Dovecot cannot find mailboxes
Edgar, thank you for your help:
I have solved gaining access from a client (Evolution) via IMAP to the
server: I can refresh, add folders, and delete folders. But I am still
confounded, as IMAP does not see any mailboxes. Neither we from the
command line (telnet, openssl, login, select) nor the system can find
the mailbox, despite following FindMailLocation:
telnet, openssl, login, then
b select inbox
* 0 EXISTS
* 0 RECENT
and postfix fails with
2016-07-23T21:22:37.312039-04:00 lavarre postfix/error[17088]: A8DA2C1BB2:
to=, orig_to=, relay
But the mailboxes do exist in /var/mail/vhosts/privustech.com/andy and
we point to them in /etc/dovecot/users.
doveconf -n is attached.
-
Two issues are:
1. file permissions and ownership
2. virtual versus system users
1. It appears that having the correct ownership and permissions on
various files is critical (of course), but those parameters must also
be included in the interior of the /etc/dovecot/user. So if you change
permissions you also must change that file.
For example, you said:
i also noticed your certificate chain is broken.

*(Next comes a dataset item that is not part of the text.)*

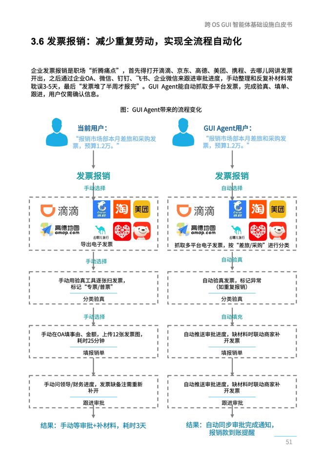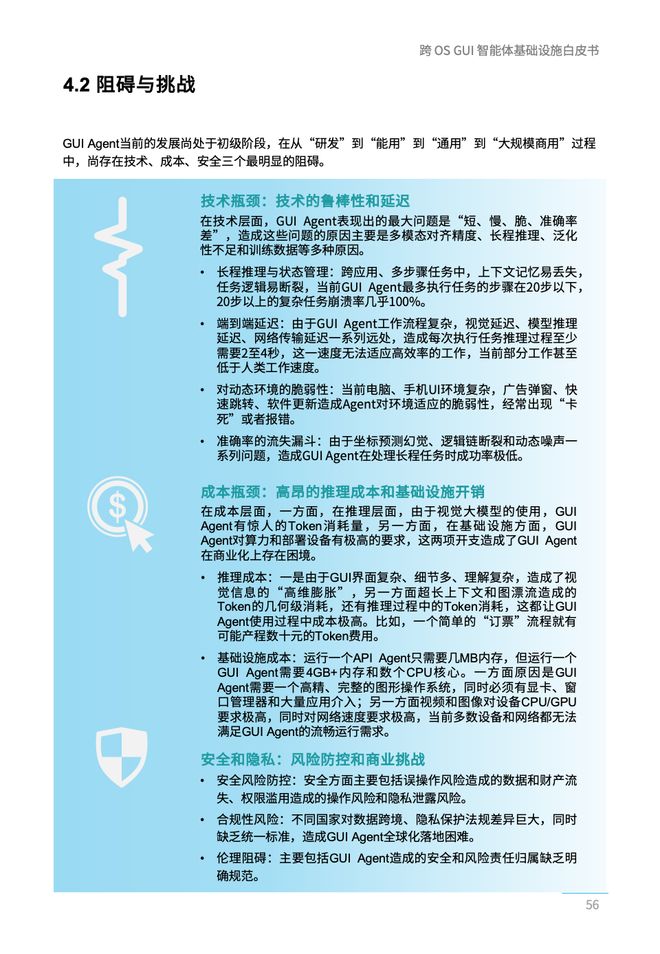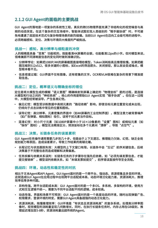 随着行业探索的不断深入,开发者们逐渐认识到以API为基础的人工智能代理程序存在难以克服的问题。首先,API接口覆盖率低,全球范围内大约只有不到5%的应用软件提供了全面的API接口;其次,在认知层面上缺乏深度交互能力,大多数基于API的代理只能在数据层面进行操作,而忽略了布局、图标等视觉上下文信息的重要性;最后,跨平台协作障碍重重,由于接口壁垒的存在,传统的人工智能代理程序往往局限于单一应用内半自动化的工具角色。这导致了当前绝大多数人工智能代理仍处于“半自动化”状态。

http://wiki2.dovecot.org/testinstallation
I worked through this link, thank you. Changing permissions for the
directories /var/mail/* to
root:mail ($UID:$GID = 1000:12)
and then changing /etc/dovecot/users correspondingly to
u...@privustech.com:{plain}actualpassword:1000:12
::/var/mail/vhosts/privustech.com/user
now allows a normal login. and we can create a new folder (e.g., work)
and delete it. However, this is at variance with
http://wiki2.dovecot.org/HowTo/SimpleVirtualInstall
which says to set the ownership to vmail:vmail ($UID:$GID = 100:
5000). Doing so breaks dovecot.
2. The various links suggest that having virtual users is preferable to
setting system users. The former do not require directories under /homebut they
do require a directory in the mail system, which I have provided under
/var/mail/vhosts. It also turns out that for virtual users you must include the
domain (a...@privustech.com). Making that change allowed the success reported
above. But despite that, we still cannot find the mailboxes on login.
Any thoughts on how to have IMAP find the mailboxes (beyond
FindMailLocation, which doesn't seem to work for me) would be most
appreciated.
Kind regards, Andy
# 2.2.18: /etc/dovecot/dovecot.conf
# Pigeonhole version 0.4.8 (0c4ae064f307+)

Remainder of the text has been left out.